Newimagingmethods are compared to different types of sensorswhich are frequently
employed in contemporary laboratory studies. This classical instrumentation as well
as the general concept of hydraulic modeling is introduced to give an overview on
experimental methods.
Flow depths are commonly measured by means of ultrasonic sensors, also known as
acoustic displacement sensors. These sensors may provide accurate data with high
sample rates in case of simple flow conditions, e.g. low-turbulent clear water flows.

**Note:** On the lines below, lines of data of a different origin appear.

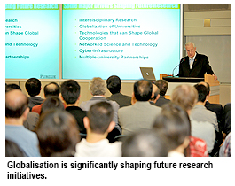 “Looking to the future, universities play a vital role strengthening, expanding and diversifying research links and R&D,” Professor Bement said. University faculty had a major gatekeeping role to play, too, he added, monitoring research and development around the world, finding out what works, what holds promise and what should be funded.
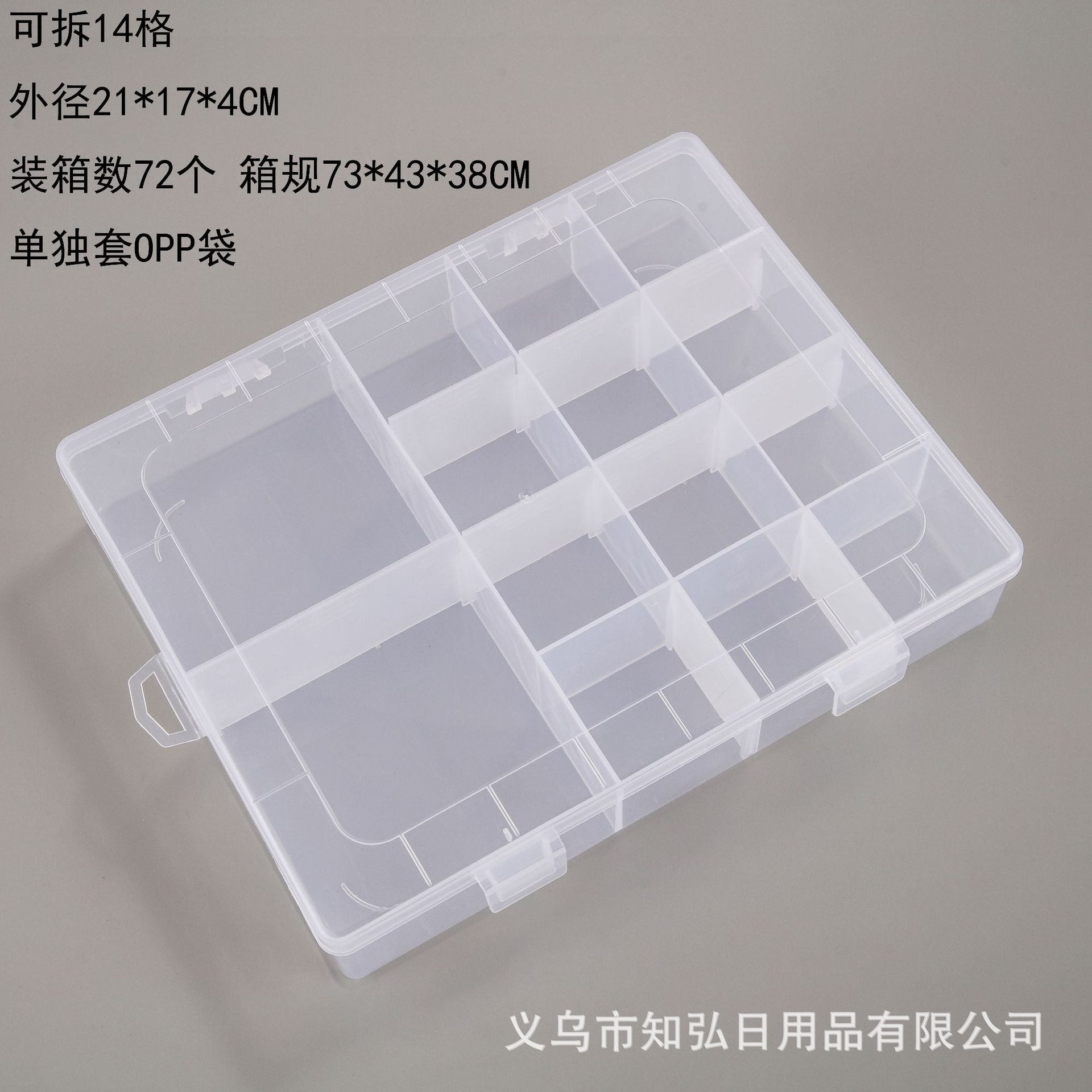• 56개의 그리드가 있는 14줄(투명) 외경: 21.1*17.5*2.7cm
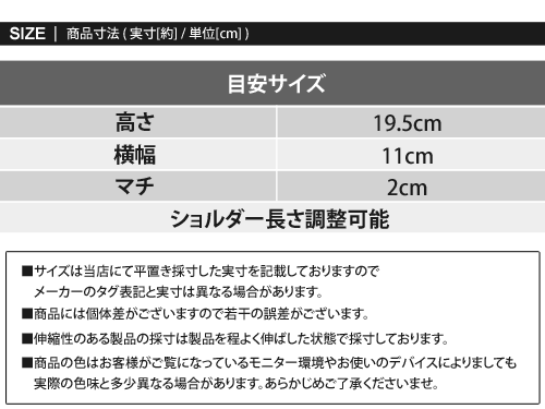 | サイズ | 高さ 19.5cm 横幅 11cm マチ 2cm ショルダー長さ調整可能 |
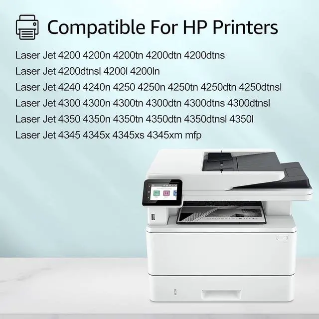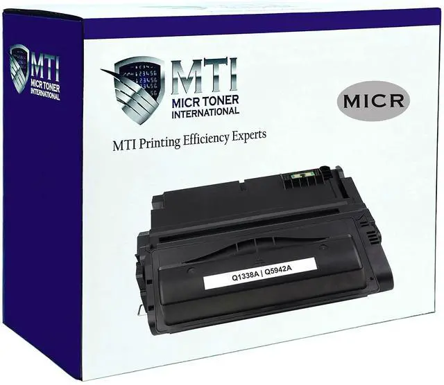 Compatible Printers: the MTI remanufactured HP Q1338A Q5942A is designed for HP LaserJet 4240 4240N 4250 4250DN 4250DTN 4250DTNSL 4250N 4250TN 4350 4350DTN 4350DTNSL 4350N printers. The MICR Toner International Advantage Superior Support. We know printing is important - thats why we have a U. S. based customer support team. Lifetime Warranty. Contact us with any technical or product issues and we will be happy to assist you. Printing Tips A common error is the non-genuine message. If this occurs with the MTI remanufactured HP Q1338A Q5942A cartridge, press OK or Continue repeatedly to dismiss the message. The printer will resume your print job. If you order more than one cartridge, test them all upon receipt. Despite the extreme care we take in packaging, sometimes items are damaged during shipping and this can affect print quality. In this case, we immediately send an MTI remanufactured HP 38A 42A MICR toner cartridge. Print Checks Like a Pro with MTI

However, with increasing turbulence, higher uncertainty must be considered.
Moreover, ultrasonic sensors can provide point data only, while the relatively large
acoustic beam footprint may lead to another source of uncertainty in case of
relatively short, highly turbulent surface fluctuations (ripples) or free-surface
air-water flows. Analysis of turbulent length and time scales of surface fluctuations
from point measurements is also difficult. Imaging techniques with different
dimensionality, however, may close this gap. It is shown in this thesis that edge
detection methods (known from computer vision) may be used for two-dimensional
free-surface extraction (i.e. from images taken through transparant sidewalls in
laboratory flumes). Another opportunity in hydraulic laboratory studies comes with
the application of stereo vision. Low-cost RGB-D sensors can be used to gather
instantaneous, three-dimensional free-surface elevations, even in flows with very
high complexity (e.g. aerated hydraulic jumps). It will be shown that the uncertainty
of these methods is of similar order as for classical instruments.
Particle Image Velocimetry (PIV) is a well-accepted and widespread imaging
technique for velocity determination in laboratory conditions. In combination with
high-speed cameras, PIV can give time-resolved velocity fields in 2D/3D or even as
volumetric flow fields. PIV is based on a cross-correlation technique applied to small
subimages of seeded flows. The minimum size of these subimages defines the
maximum spatial resolution of resulting velocity fields. A derivative of PIV for
aerated flows is also available, i.e. the so-called Bubble Image Velocimetry (BIV). This
thesis emphasizes the capacities and limitations of both methods, using relatively
simple setups with halogen and LED illuminations. It will be demonstrated that
PIV/BIV images may also be processed by means of Optical Flow (OF) techniques.
OF is another method originating from the computer vision discipline, based on the
assumption of image brightness conservation within a sequence of images. The
Horn-Schunck approach, which has been first employed to hydraulic engineering
problems in the studies presented herein, yields dense velocity fields, i.e. pixelwise
velocity data. As discussed hereinafter, the accuracy of OF competes well with PIV
for clear-water flows and even improves results (compared to BIV) for aerated flow
conditions. In order to independently benchmark the OF approach, synthetic images
with defined turbulence intensitiy are used.
Computer vision offers new opportunities that may help to improve the
understanding of fluid mechanics and fluid-structure interactions in laboratory
investigations. In prototype environments, it can be employed for obstacle detection
(e.g. identification of potential fish migration corridors) and recognition (e.g. fish
species for monitoring in a fishway) or surface reconstruction (e.g. inspection of
hydraulic structures). It can thus be expected that applications to hydraulic
engineering problems will develop rapidly in near future. Current methods have not
been developed for fluids in motion. Systematic future developments are needed to
improve the results in such difficult conditions.